One of the popular beliefs in “Covering” circles is that for people to have authority they must come under authority. I’ve never seen a good explanation of this doctrine coming from anywhere in the New Testament. Paul talks about having authority as an apostle but claims his apostleship was from God and no human agency and on top of that he seems reticent to use it. There is one place in scripture where someone is directly offered authority if only he would submit to authority. It is found in Matthew 4:8-10.

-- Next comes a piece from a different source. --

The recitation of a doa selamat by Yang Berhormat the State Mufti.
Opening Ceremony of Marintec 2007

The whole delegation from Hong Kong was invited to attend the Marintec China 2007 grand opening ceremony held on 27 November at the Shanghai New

Again, the devil took him to a very high mountain, and showed him all the kingdoms of the world and their grandeur. And he said to him, “I will give you all these things if you throw yourself to the ground and worship me.” Then Jesus said to him, “Go away, Satan! For it is written: ‘You are to worship the Lord your God and serve only him.’ “
(Mat 4:8-10 NET.)

The word translated worship is proskyneo which according to BDAG (the best lexicon in the game) means: “to express in attitude or gesture one’s complete dependence on or submission to a high authority figure.1The word describes a physical act of bowing usually offered to kings and emperors and many of those in Jesus’ day were considered gods. To Jesus and the hearers of that time such a deep level of reverence and submission was considered worship and that is the reason why this word is translated worship. In authoritarian churches the authority figure often offers all the blessing he can muster in exchange for submission. If you submit to authority you will be given authority, you will praised in sight of others and offered special privileges and access to personal attention. In reality it is just another leader selfish for personal gain offering people ways to sell out. I’ve seen many fall for this. They become the leaders’ favoured son or daughter for a season but are rejected as soon as someone more enticing comes along or he or she is no longer seen as someone who contributes enough to the leader’s agenda.

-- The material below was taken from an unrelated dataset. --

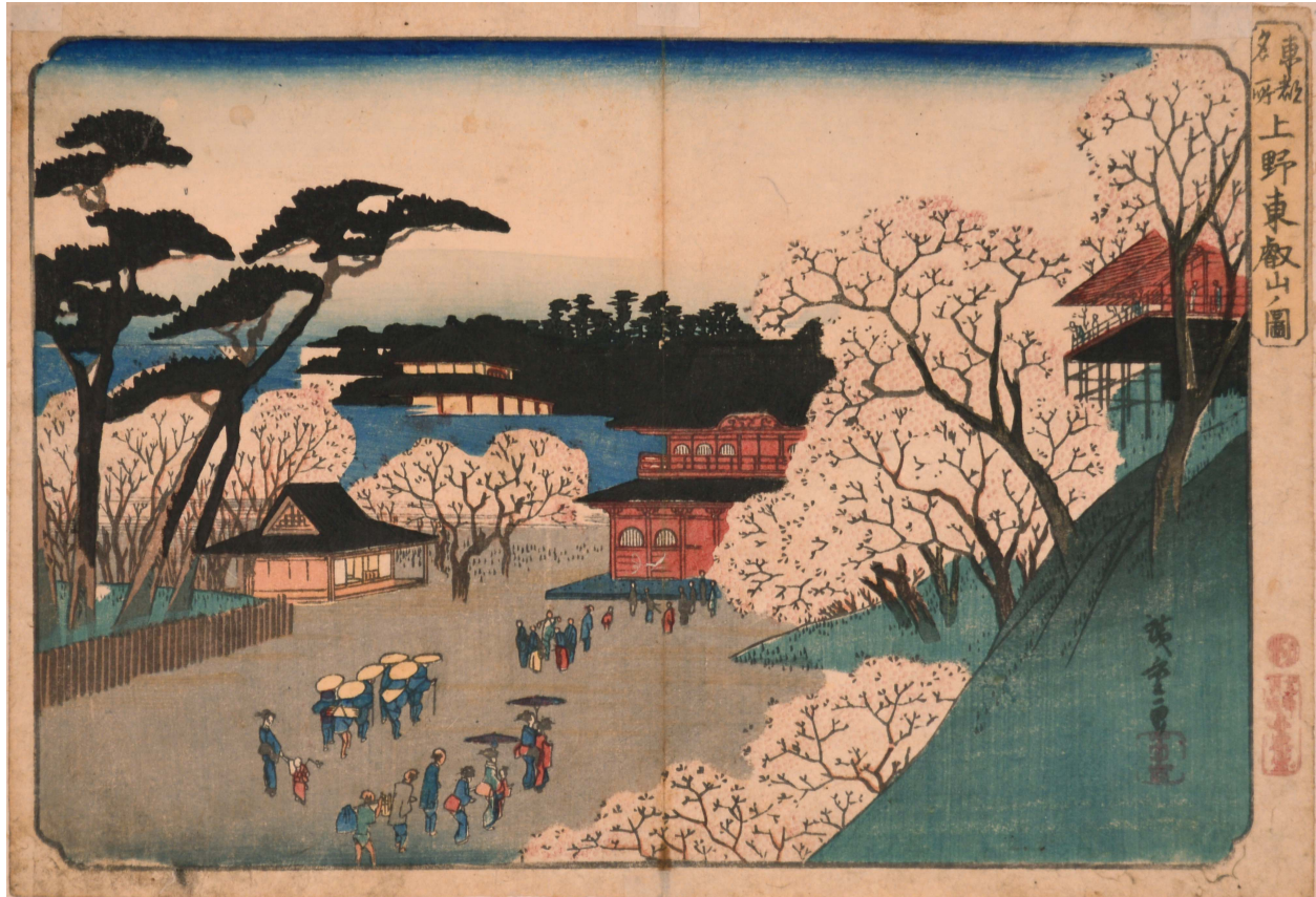
View of Toeizan Temple at Ueno (Ueno Toeizan no zu), from the series Famous Places in the Eastern Capital (Toto meisho)

Another thing this passage illustrates is that there are really different kinds of authorities and different kinds of jurisdictions. Satan could only offer him the benefits of his kingdom. Jesus knew this was a trap and refused. He never challenged or attempted to sway political realities of the day because he knew he was king of a different kingdom. Nor did Jesus take away from the realities of authority and ownership in this world. Jesus said “render unto Caesar what is Caesar’s” (Mar 12:17). Caesar had his kingdom and Jesus had his. He cared about the authority of his kingdom, and not the kingdom’s of this world. He was offered all the human authority he wanted as long as he sold out to someone who wanted to exploit him for his own gain. In the same way a church leader can only offer anyone the benefits of their own agency. All the blessings of God’s kingdom come in Christ and not through any human agency. Our agencies can cooperate with Christ’s kingdom or we can fight it. If our domain is a boat Christ’s domain is the wind. On our boat we might have deck hands and captains but none of these things matter unless the boat is set to capture the direction and power of God’s spirit. We either align our sail to the direction of God’s kingdom or we put in our oars and row our own way in our own power. No church leader can offer you authority in Christ’s kingdom any more than a ship’s captain can make you lieutenant of the wind.

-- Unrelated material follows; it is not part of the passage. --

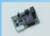
DECODER MODULE FOR ITEMS 23105167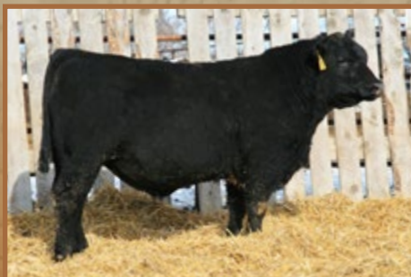
Best Resource 986 • Reg. #: 19636460

In the church we find reason to put people in leadership and they have authority in that realm. The New Testament has some instruction on how that should look but we can never, ever, equate anything we create with God’s kingdom. If we are faithful our sails capture the wind of the spirit and a result we become a physical manifestation of God’s work. We can point to where we are, where we’ve been taken and where we are going and say praise God. The higher reality is every human agency we construct is only worth something so far as it cooperates with the work of God’s spirit in moving people to a new place. There is nothing our human agency that can limit what God chooses to do in his kingdom. They are different domains. So it seems that in many cases one gains authority by submitting to authority but only in our own human agencies. Be careful as not all authorities are aligned with God’s purposes. We can never acquire authority in God’s kingdom. All authority in Christ’s kingdom has been given to Christ. Our lives may or may not witness to that authority, we may be moved by that authority but all the authority in this domain is only found in Christ.  

1Arndt, W., Danker, F. W., & Bauer, W. (2000). A Greek-English lexicon of the New Testament and other early Christian literature. Chicago: University of Chicago Press.